The use of simulation for traffic engineering assessments at the planning level is now extremely well established. Simulation outputs lie at the heart of decisions relating to public transport priority, intersection design, toll plaza, and congestion relief schemes. However, until recently, the use of simulation for operational decision support was thought to be out of bounds. So why was that and what has changed since?
‘Non-believers’ claim that CPU and data requirements for real-time applications are prohibitive. But are they? As part of its i-transport platform, the Land Transport Authority has built an Aimsun microsimulation model of the entire city of Singapore. The city of Madrid’s Aimsun Online model includes 50% of Madrid city center. On a powerful computer, these models run between 10 and 20 times faster than real-time.

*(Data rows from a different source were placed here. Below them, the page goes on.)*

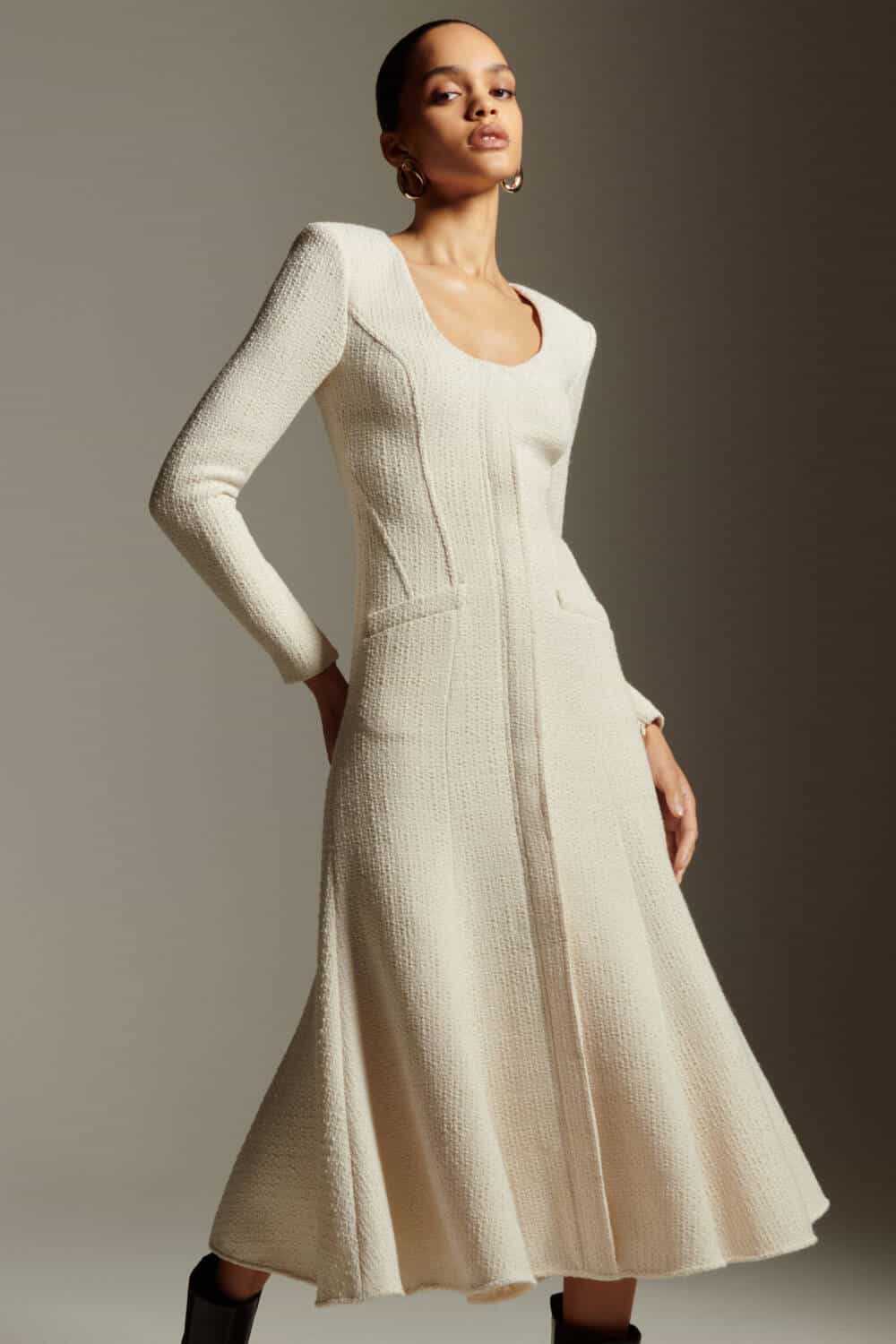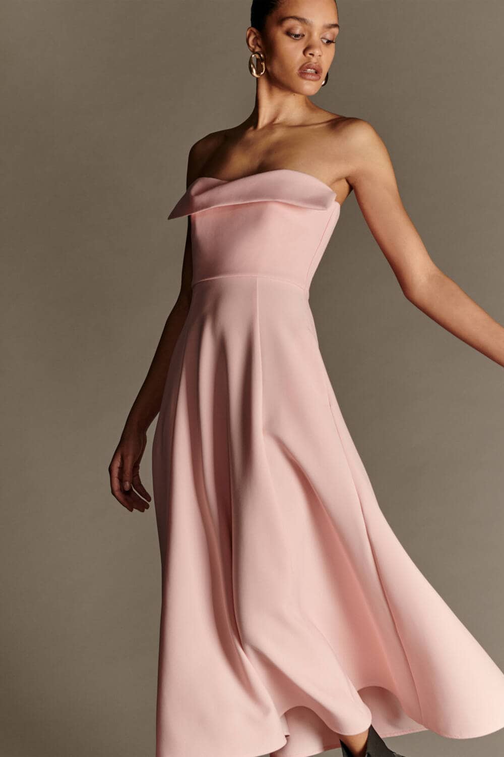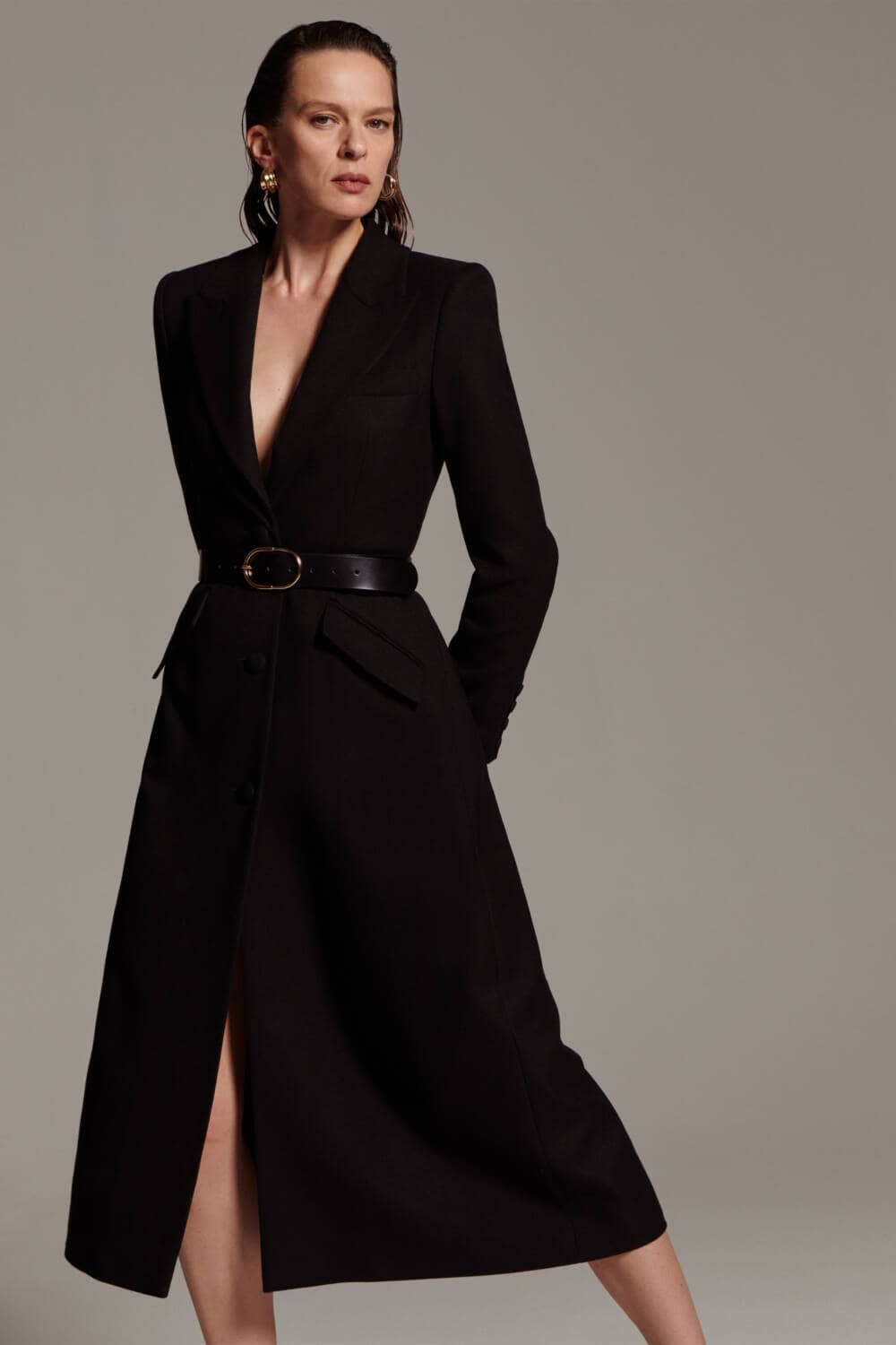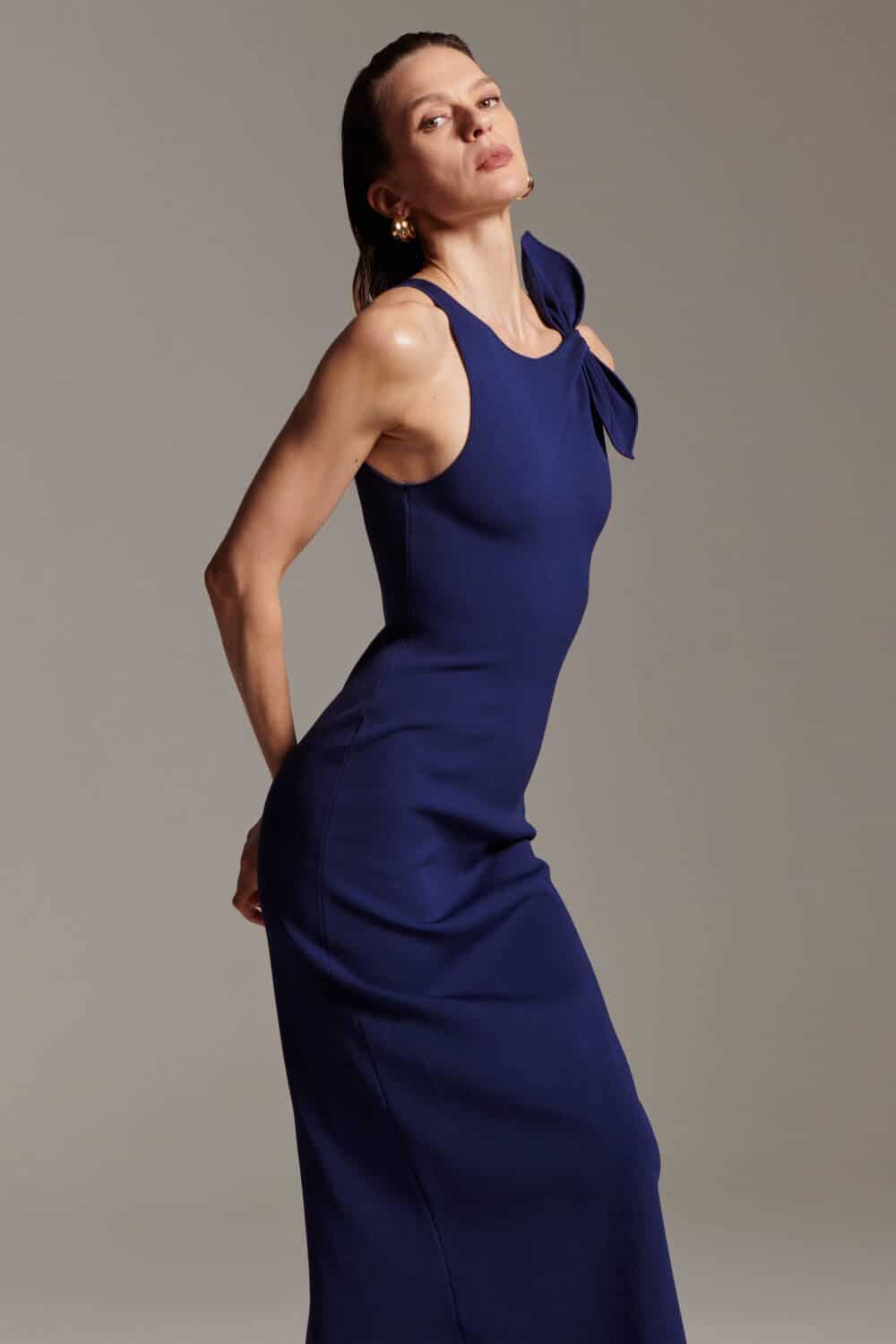 Roland Mouret, a purveyor of glamour and design excellence, has released his AW24 collection via lookbook, and it’s an alluring panoply of afternoon-tea-cum-red-carpet-ready dresses and suit variations (a long wool coat with a flared skirt, a strapless wool jumpsuits with wide legs, a slim aubergine tux, etc).
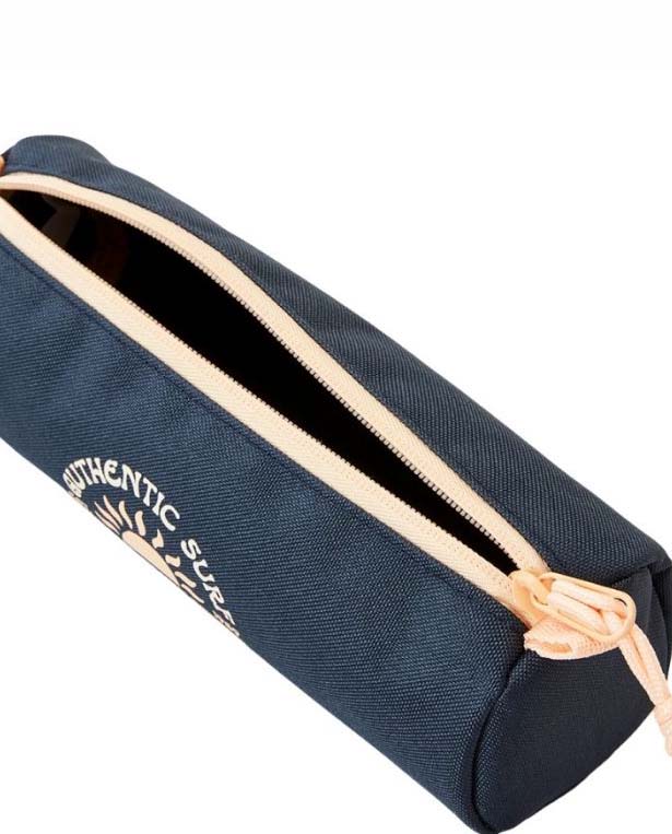 Estuche Rip Curl Reentry, 100% Poliéster, medidas 7cm alto por 21cm ancho, compartimento sencillo, cierre de cremallera y asa de transporte con cincha, insignia tejida, 1 litro. El estuche Re Entry es un clásico accesorio de colegio ideal para llevar contigo en tu día a día.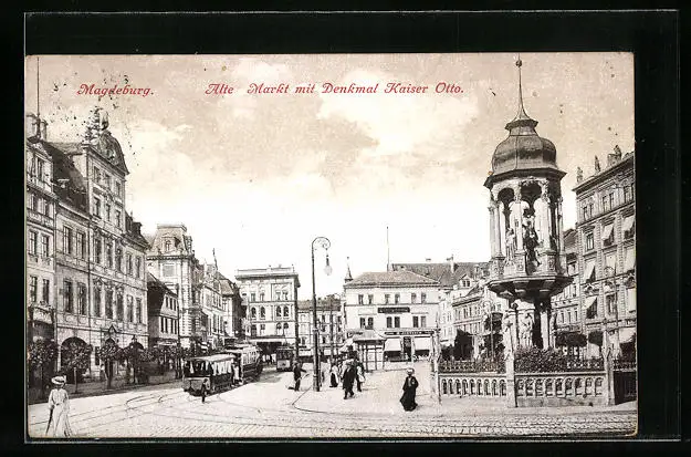 AK Magdeburg, Alter Markt mit Denkmal Kaiser Otto und Strassenbahn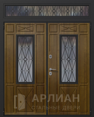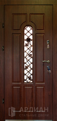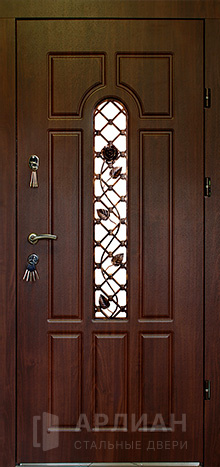 Металлическая дверь в частный дом со стеклом и решеткой №36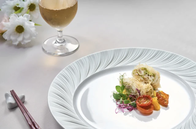 シェフが厳選した地元食材を中心に、彩り豊かなコース料理をご用意。熟練の技が光る一皿一皿は、お祝いの席や特別なディナーにもふさわしい華やかさです。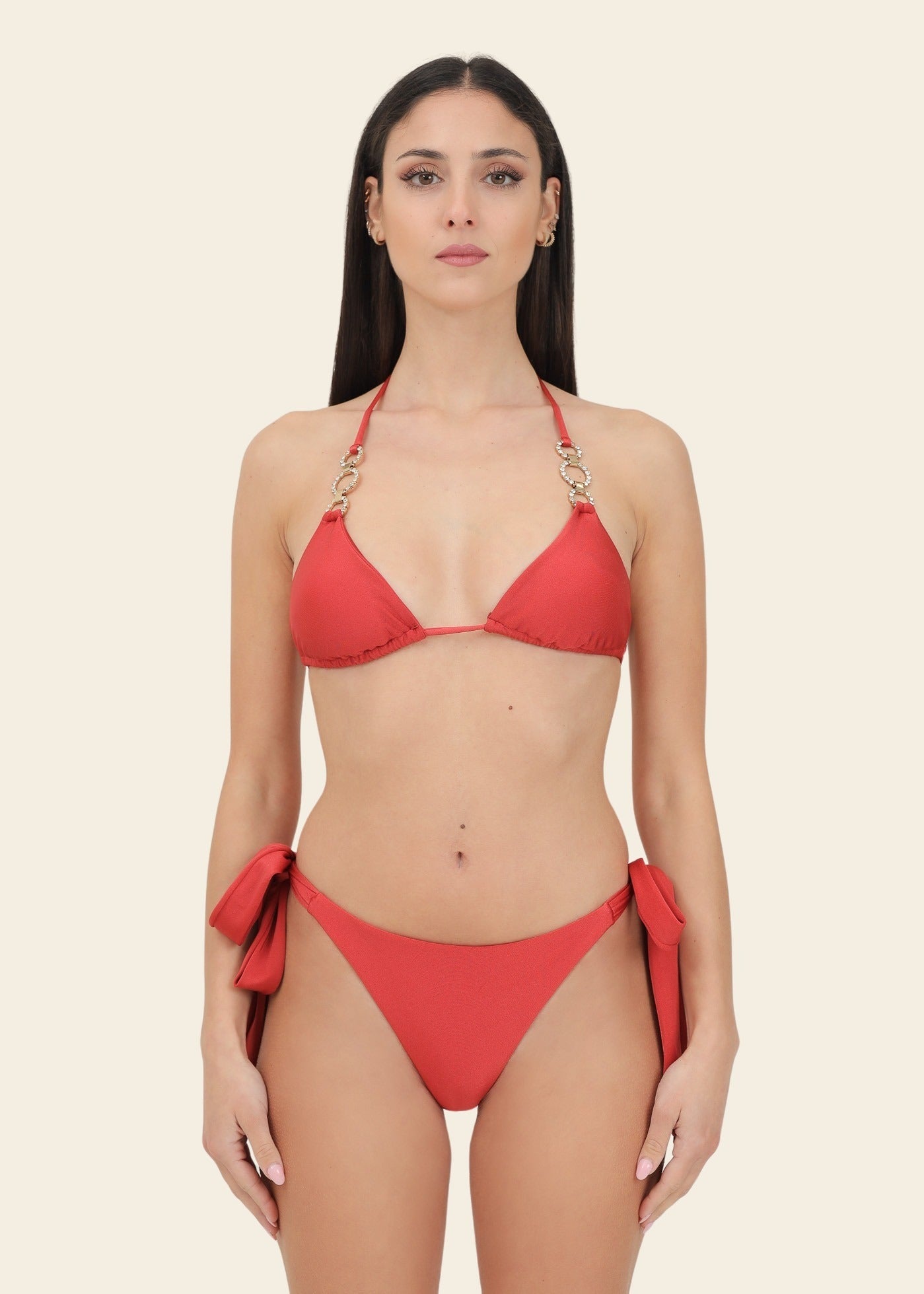Minimale ma elegante, grazie ai meravigliosi accessori tempestati di cristalli che profilano la spallina, il bikini si adatterà ad ogni silhouette valorizzandola.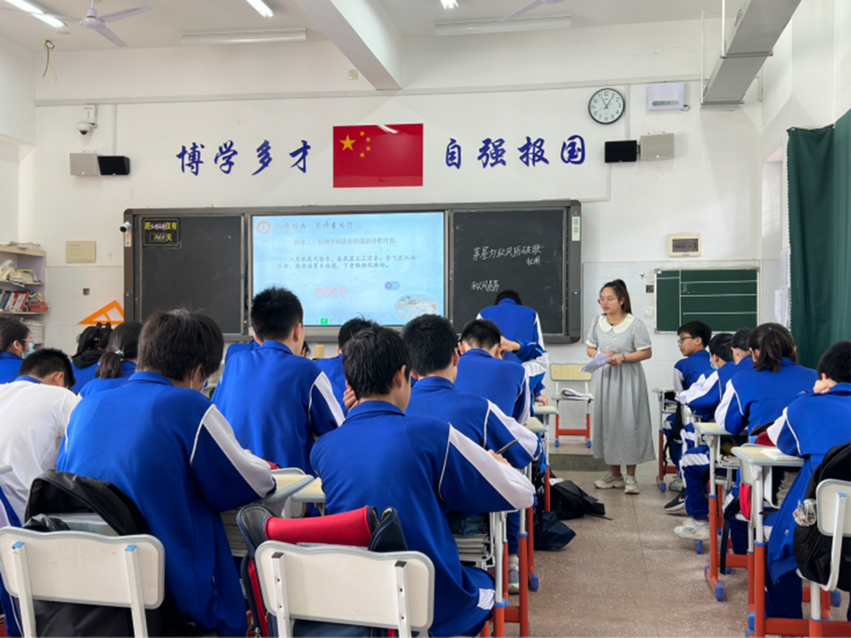 王琴主讲《茅屋为秋风所破歌》。她由杜甫对联导入,设计“低吟浅唱,代诗圣发言”、“入境描画,于诗圣同行”、“品词赏句,为师生画像”,“知人论世,悟诗圣情怀”五个环节,以朗诵、问题、讨论三个任务贯穿整个课堂。语言精炼典雅,体现了较好的文字功底。队长邓睿指出,王琴在课堂上循循善诱,但是作为创新点的表演流程并不突出,没有展现出“演”的特质。郭鹏飞表示王老师这堂课内容丰富,但是逻辑有些混乱,需要通过简化内容,重新设计环节,梳理出更加清晰的逻辑,并指导各位队员,在古诗词教学中,一定不能让学生只知其然而不知其所以然,要讲得准确、透彻。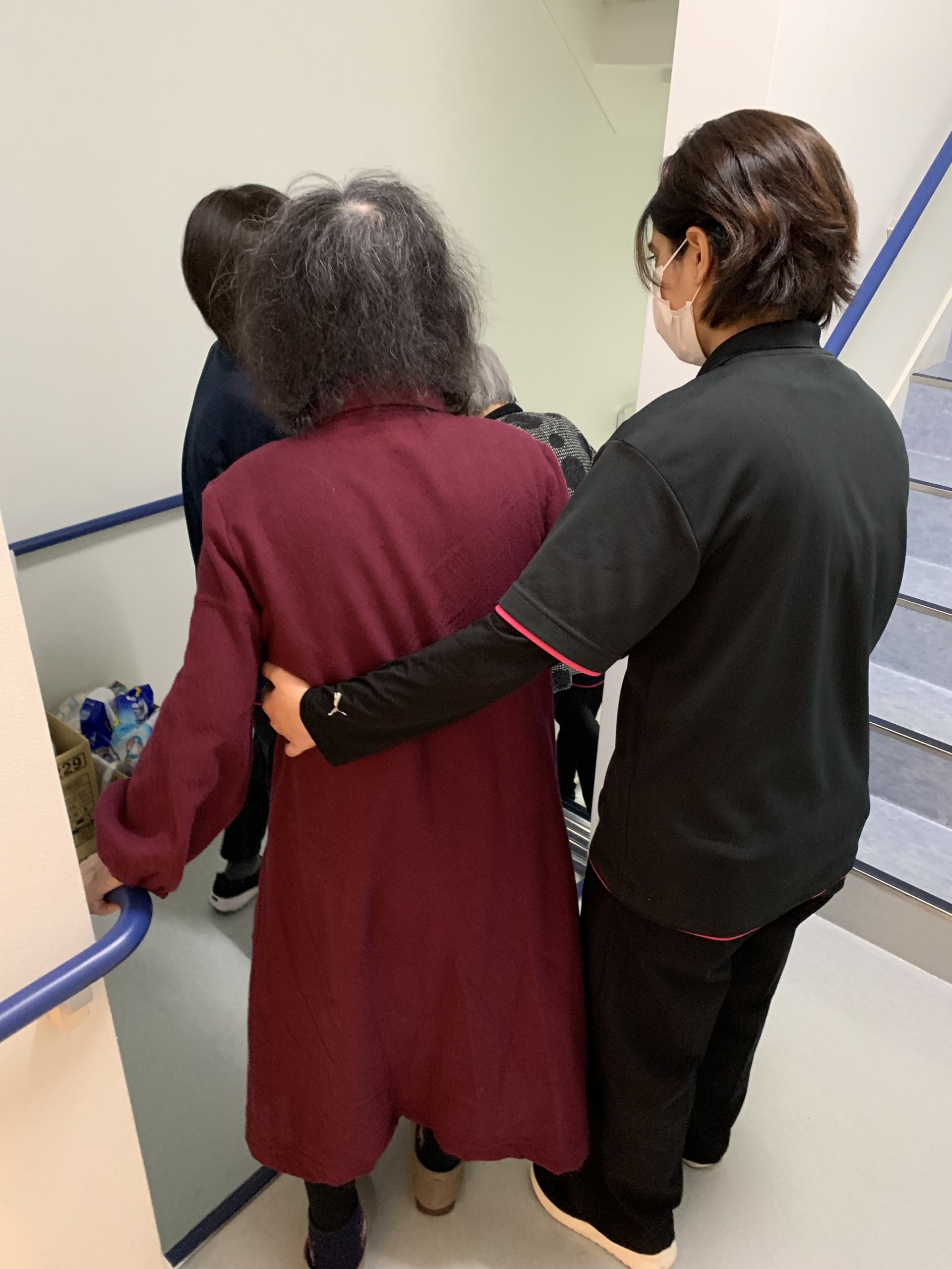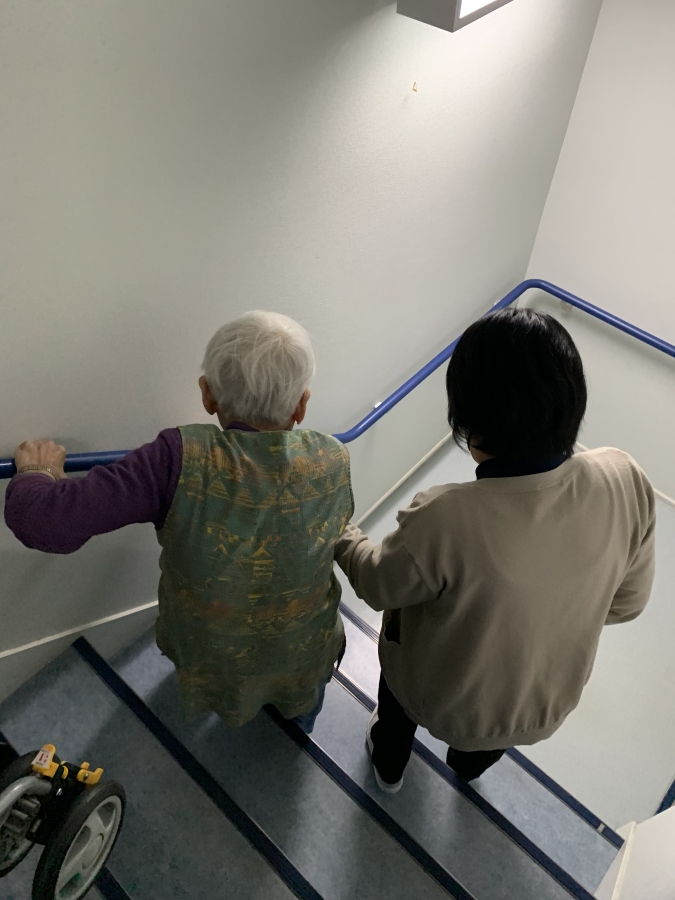 車椅子の方を抱えて、階段から降りる練習もしました。

As for their insatiable data requirements, the Madrid model is calibrated against data from 480 detectors and the Singapore model includes a full interface with SCATS, emulating adaptive traffic control to perfection. With mesoscopic and hybrid mesosimulation-microsimulation added to the mix, the possibilities increase and the technical challenges of the past become (important) implementation details.
But is there a need for all this? The answer is a resounding ‘yes’. Granted, human competence and experience accumulated over the years enables today’s traffic managers to handle repeatable local peaks, such as a queue on a particular motorway exit during the morning rush-hour. But the trouble comes with non-recurring events, such as incidents: these never quite happen the same way or in the same place. Trying to alleviate congestion by reacting locally very often causes unexpected domino effects that are even harder to manage, and this can easily spiral out of control, leading to hours of delays and frustration for everyone involved.
Real-time simulation is possible and can provide a valuable weapon in the form of foresight. By allowing operators to fill information gaps in space (across the network) and in time (fast-forwarding to the future), simulation-based decision support frees up traffic managers to focus on what they do best – devising response strategies that the system evaluates against their often complex and conflicting objectives.
So is simulation-based decision support for traffic operations the future? What can be said for sure is that this used to be a technical question. It is now fast turning into a simple question of willingness to embrace innovation and to do the right thing.